Längst gibt es Forscher, die humanistische Werte in Algorithmen verankern
Bis diese Inititiativen in der breiten Bevölkerung greifen, wird es auch Jahre dauern. Die ersten Schritte aus den Wissenschaften und Laboratorien der digitalen Welt sind schon getan. Im digitalen Untergrund von Berlin, jenem grandiosen Gegenmodell zum hyperkapitalistischen Silicon Valley, gibt es seit einiger Zeit Quelltextlesungen. Da treffen sich junge Coder wie Sebstian Sooth, Fiona Krakenbürger oder Kathrin Passig vor Publikum auf einer Bühne. Sie sprechen dann über Programmiersprachen, als handele es sich um Lyrik, analysieren Funktion und Aufbau wie Stil und Versmaß. Und weil auch im digitalen Zeitalter aus jeder Subkultur irgendwann einmal ein Kanon wird, ist es abzusehen, dass die Algorithmen unseren Alltag nicht nur wie mit unsichtbarer Hand bestimmen.
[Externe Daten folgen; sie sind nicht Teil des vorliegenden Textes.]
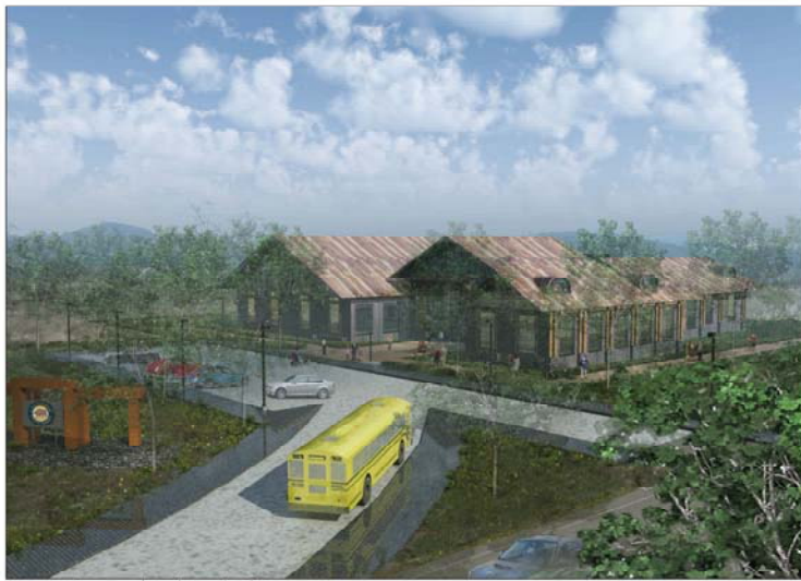
Discovery Museum and Visitor Center, Main Entry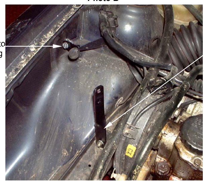
2. Attach the rubber bobbin and bracket to the rear air box mounting point using the nut and washers supplied.

1. Attach the angled bracket (with rubber pad) to the upper air box mounting point using the screw, nut and washers supplied.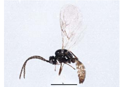
BIOUG05542-G12 [Lateral] Aphidius rhopalosiphi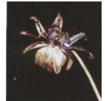
A dahlia seedpod ready to be harvested.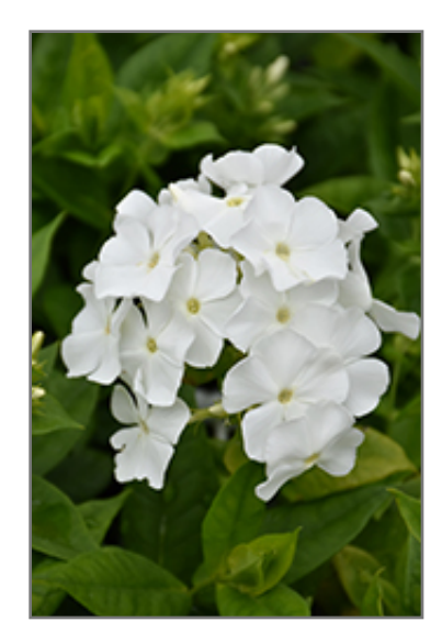
Flame White Garden Phlox flowers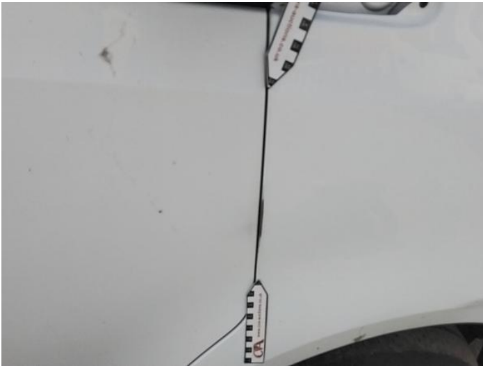
41: Door osf Dented With Paint Damage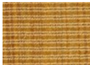
402 Cute Jute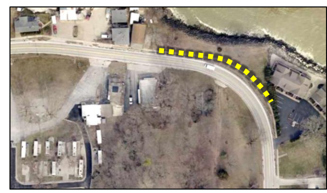
Yellow dashed line = project location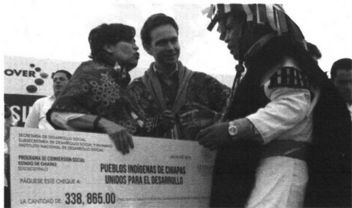
The National Crusade Against Hunger has benefited 97 municipalities.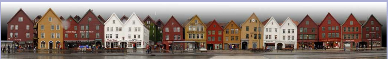
City of Bergen - Old Brygge Buildings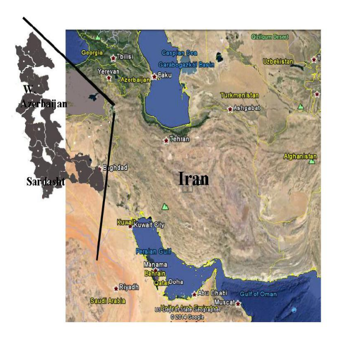
Fig. 1. Map of Iran, Western Azerbaijan province (gray color), Sardasht.

Unfortunately many plant species are endangered or become extinct before even a preliminary study. It seems that valuable nature resource is devastating rapidly (Fransworth and Morris, 1976; Fransworth et al. , 1985). Two type of medicinal plants are used in Iran: first a well identified group with a definite common name and a second group composed of unrecognized plants with empirical usage in different parts. So it seems necessary to study the medicinal plants more seriously (Poyan, 1989).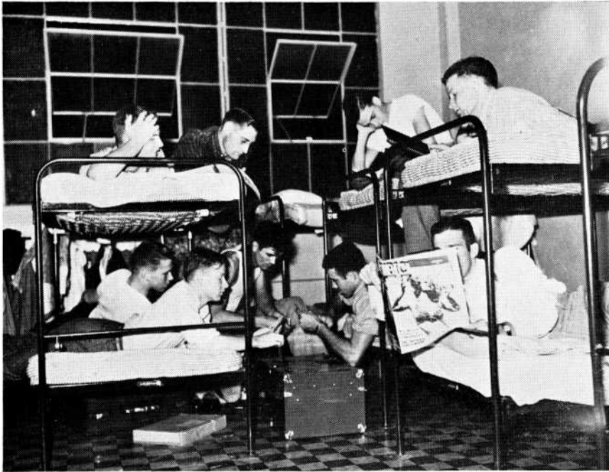
New this fall is the co-operative dormitory in the west wing of the Stadium, housing 90 men students inexpensively. There is little privacy, as you see, but the quarters are clean and convenient. Nice on football Saturdays.

be all right for Cadet Rice to quit military training, but that he could not continue it unless he took it in good faith and would accept an army reserve corps commission at graduation.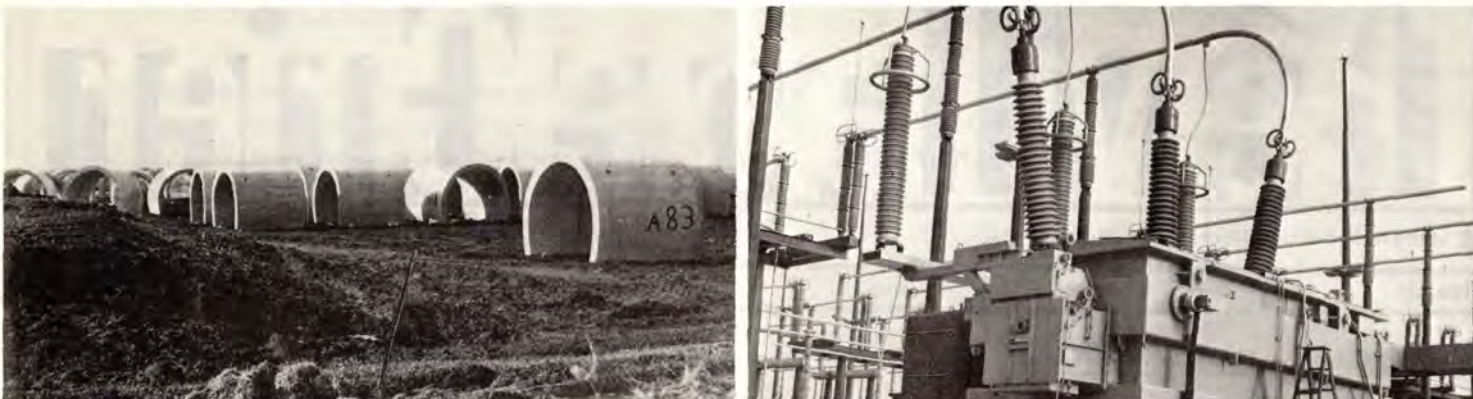
...Main Ring and Master Substation, two of DUSAF's many challenges in six years at FermiLab...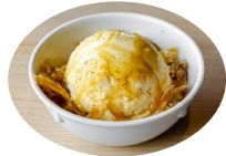
BAKLAVA ICE CREAM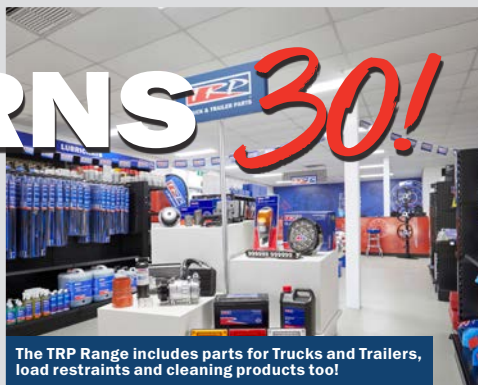
The TRP Range includes parts for Trucks and Trailers, load restraints and cleaning products too!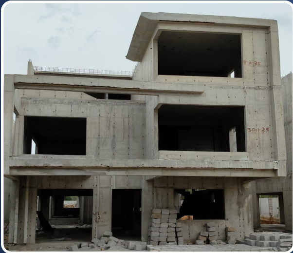
VILLA-122 (Structure Completed)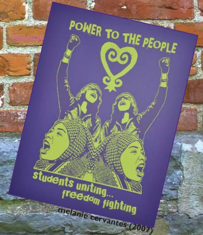
melanie cervantes (2007)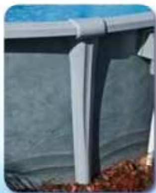
Stylish Resin Uprights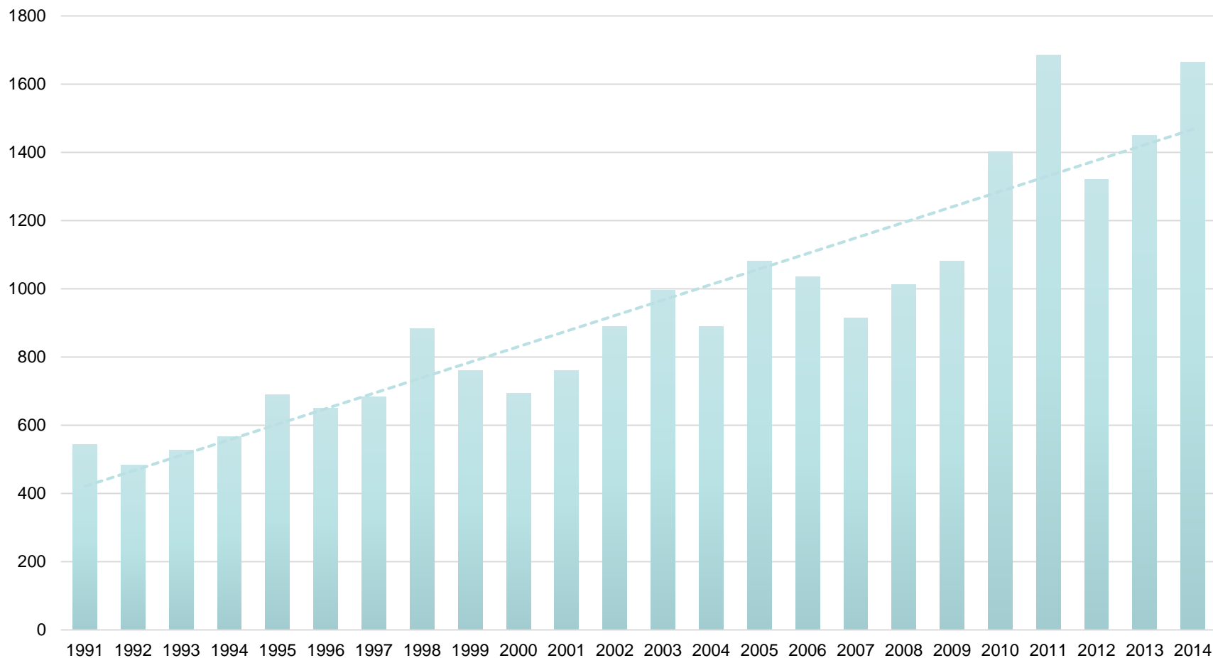
Number of notifications of Campylobacteriosis*, Australia, in the period of 1991 to 2014 and year-to-date notifications for 2015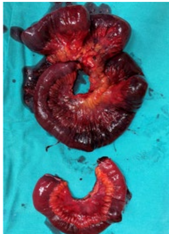
Figure 1. Small bowel resection material. There are areas of ischemia and necrosis in two different parts of the small intestine.

findings exacerbated and her general condition started to deteriorate. We obtained informed consent from the patient. Surgical exploration encountered slightly serohemorrhagic fluid of 200 cc, as well as circulatory impairment and necrosis intermittently located at the two separate sections of the small intestine, beginning from the 90th cm after the Treitz ligament in the abdomen (Figure 1). A necrotic small bowel resection of approximately 150 cm was performed at two separate sections. The other findings observed during the surgery were as follows: 1) thrombi in the moderate and small-sized veins of the small bowel mesentery despite the presence of pulses in the arteries feeding the small intestines, 2) thickening of small bowel mesentery, 3) small and moderate-sized venous vein dilatation observed in the right halves of the right colon and transverse colon, and 4) left ovarian cystic lesion. Towards the end of the surgery, regeneration of ischemic fields was encountered in the small bowel segments close to the anastomosis. A second-look laparotomy was decided upon to control the presence of new ischemia in the small intestines.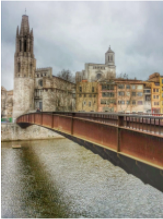
1 - Girona - Girona - 0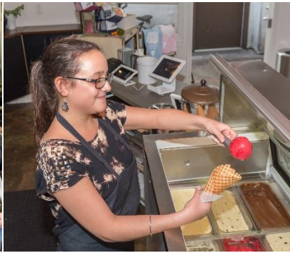
Penny Ice Creamery Santa Cruz

Noch ist die Debatte jung. Es sind ja auch keineswegs nur falsche Entscheidungen, die Algorithmen treffen, nicht nur sinistre Beweggründe in den Maschinen. Längst gibt es Forschungen, die humanistische Werte in den Algorithmen verankern. Am Imperial College in London arbeiten Informatiker und Philosophen beispielsweise gemeinsam an "Fair Play Algorithms". Das junge Feld der Roboter-Ethik sucht Wege, Menschenrechte in Code zu übersetzen.
Das Feuilleton des Süddeutschen Zeitung wird sich in den kommenden Wochen und Monaten verstärkt mit dieser neuen Weltsprache befassen. In der kommenden Wochenendausgabe wird Johannes Boie beschreiben, wie er Amerika als ein Land erlebt hat, das jetzt schon von Algorithmen geprägt ist. Eine Woche später soll ein Schwerpunkt die Dialekte der neuen Weltsprache, also die verschiedenen Codes betrachten. Es wird nur ein Anfang sein. Denn die Welt ist auch im Digitalen groß.